In Our Darkest Times, We Humans Can Be The Most Destructive Species On The Planet

A Commentary by Doug Draper, Niagara At Large

Never mind locusts, great white sharks and hungry packs of wolves and hyenas. 

When it comes down to it – when we get tribal and let the darkest side of our nature drive us – we humans have proven over and over again that we can be the most destructive force on the planet. And our propensity to kill doesn’t seem to be governed by how intelligent or civilized we think we are either.

The smoldering wreckage of Flight 17 in east Ukraine among the most recent expressions of our capacity, as humans, to destroy.

The smoldering wreckage of Flight 17 in east Ukraine among the most recent expressions of our capacity, as humans, to destroy.

In his book ‘The Nightmare Years’, chronicling the rise of Nazism in the 1930s, the late journalist and historian William Shirer reports how “with increasing fascination and horror, I watched Hitler crush freedom and the human spirit in Germany, the country of Luther, Kant, Beethoven, Goethe, persecute the Jews and prepare to massacre them, destroy all who opposed him, and drag this great nation toward war, conquest and destruction. To my consternation most Germans joined joyously in this Nazi barbarism.”
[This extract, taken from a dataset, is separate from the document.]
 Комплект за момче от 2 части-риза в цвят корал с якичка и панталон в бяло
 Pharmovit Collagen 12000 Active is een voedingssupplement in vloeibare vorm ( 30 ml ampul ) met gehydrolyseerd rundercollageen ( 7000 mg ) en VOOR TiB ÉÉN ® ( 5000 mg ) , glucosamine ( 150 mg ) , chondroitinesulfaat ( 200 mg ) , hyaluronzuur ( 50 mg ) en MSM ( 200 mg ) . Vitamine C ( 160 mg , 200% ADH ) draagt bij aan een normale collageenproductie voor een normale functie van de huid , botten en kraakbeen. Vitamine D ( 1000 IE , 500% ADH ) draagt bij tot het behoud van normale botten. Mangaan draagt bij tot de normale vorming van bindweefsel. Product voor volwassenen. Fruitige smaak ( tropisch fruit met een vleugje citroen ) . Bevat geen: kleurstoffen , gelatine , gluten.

But this is most certainly not about singling out Germany, which has turned out to be a country less militaristic than many others these days, and which also has some of the toughest laws in the world against hate crimes. This is about the whole lot of us, collectively, as a species. A hundred years ago this August, 2014, those of us who still observe history that goes back further than our last Facebook entry or tweet we sent out some 20 seconds ago, may remember the beginning of a war that in a mere four years and three months, butchered, gassed and starved to death an unprecedented 8.5 million soldiers and seven million civilians. It is now mostly remembered as World War 1 or the First World War – the causes of which are still leaving many historians scratching there heads over how or why it got started, and for what purpose so many people had their lives so violently snuffed out.
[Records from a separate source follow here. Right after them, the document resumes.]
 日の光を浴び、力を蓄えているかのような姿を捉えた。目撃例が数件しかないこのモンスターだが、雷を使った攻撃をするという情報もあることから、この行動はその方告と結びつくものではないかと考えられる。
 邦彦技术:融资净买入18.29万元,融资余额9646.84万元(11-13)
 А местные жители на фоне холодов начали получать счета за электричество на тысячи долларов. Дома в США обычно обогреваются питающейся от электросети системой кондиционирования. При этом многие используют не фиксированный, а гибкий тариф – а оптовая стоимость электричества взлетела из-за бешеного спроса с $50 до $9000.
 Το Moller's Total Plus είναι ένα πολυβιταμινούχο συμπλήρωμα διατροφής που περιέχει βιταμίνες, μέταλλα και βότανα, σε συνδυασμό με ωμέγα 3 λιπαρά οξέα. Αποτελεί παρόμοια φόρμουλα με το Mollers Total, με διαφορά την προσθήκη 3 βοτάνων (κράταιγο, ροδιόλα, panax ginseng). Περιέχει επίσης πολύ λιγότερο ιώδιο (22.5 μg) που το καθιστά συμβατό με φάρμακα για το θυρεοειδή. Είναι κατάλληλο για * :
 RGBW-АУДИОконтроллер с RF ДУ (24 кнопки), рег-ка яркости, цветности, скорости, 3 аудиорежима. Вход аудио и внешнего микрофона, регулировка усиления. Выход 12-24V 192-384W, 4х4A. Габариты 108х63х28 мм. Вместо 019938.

As some of us may also recall, that war, once also called the ‘Great War’ or, believe it or not, ‘the war to end all wars’ by some hopeless romantics, set the stage for a second one that was equally as murderous and even more hideous in terms of cruelty it wrought. And there have been many more wars in between and since.
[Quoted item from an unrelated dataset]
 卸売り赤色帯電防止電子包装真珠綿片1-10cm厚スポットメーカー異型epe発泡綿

All of this warring brings us right up to the horrible news of this July 17th, 2014, when, according to most of the evidence available in the days that followed, surface-to-air missile exploded a commercial jet carrying 298 men, women and children, including world renown medical researchers, on their way to an annual AIDs/HIV conference in Australia, over a war-torn zone in Ukraine.

This writer is not about to speculate on which warring tribe in that region is to blame for this murderous act. Who cares which tribe it is, quite frankly, since there is enough animosity and weaponry on all sides to kill many more than the 298 passengers and crew aboard that ill-fated jet.

The very act of shooting a jet full of innocent people out of the sky is enough to show, once again, what a blood-letting species we humans can be at the worst of times, when we are more driven by our tribal ties about where we get our bloody oil and whatever else we think we need to secure for our survival from.

Toward the end of World War 1, a Canadian military doctor, Lt. Col. John McCrae who, himself, did not live to see the armistice, wrote his timeless poem that began: “In Flanders fields, the poppies blow, between the crosses row on row. …”

Today, in east Ukraine, one might very well write that in ‘Ukraine fields, where wheat and sunflowers grow, bodies decompose among the smoldering debris of a jet, decompose row on row ….”

We humans have the arrogance to point to other species on this planet, like bears in northern Canada or dolphins feeding on fish off Japan, or deer feeding on vegetation in and around Niagara, Ontario’s Short Hills park, of being destructive nuisances that need culling.

Take a good, long look at the online images of body bags and blackened metal and plastic melting into the ground where sunflowers once grew and try denying that we are not the most destructive species on this planet.

It is well past time – for the sake of my 23-ear-old daughter and people her age and younger who have to live with the legacy of the things we have done to each other, let alone to the water we drink, the air we breath and atmospheric conditions that are radically playing games with our planet’s climate – that we come to terms with what drives us as a species to be so destructive. 

Why can’t we more often be governed by the brighter side of our humanity? Where is the vision for a better future? Why don’t we spend more of our energy and intelligence reaching for those?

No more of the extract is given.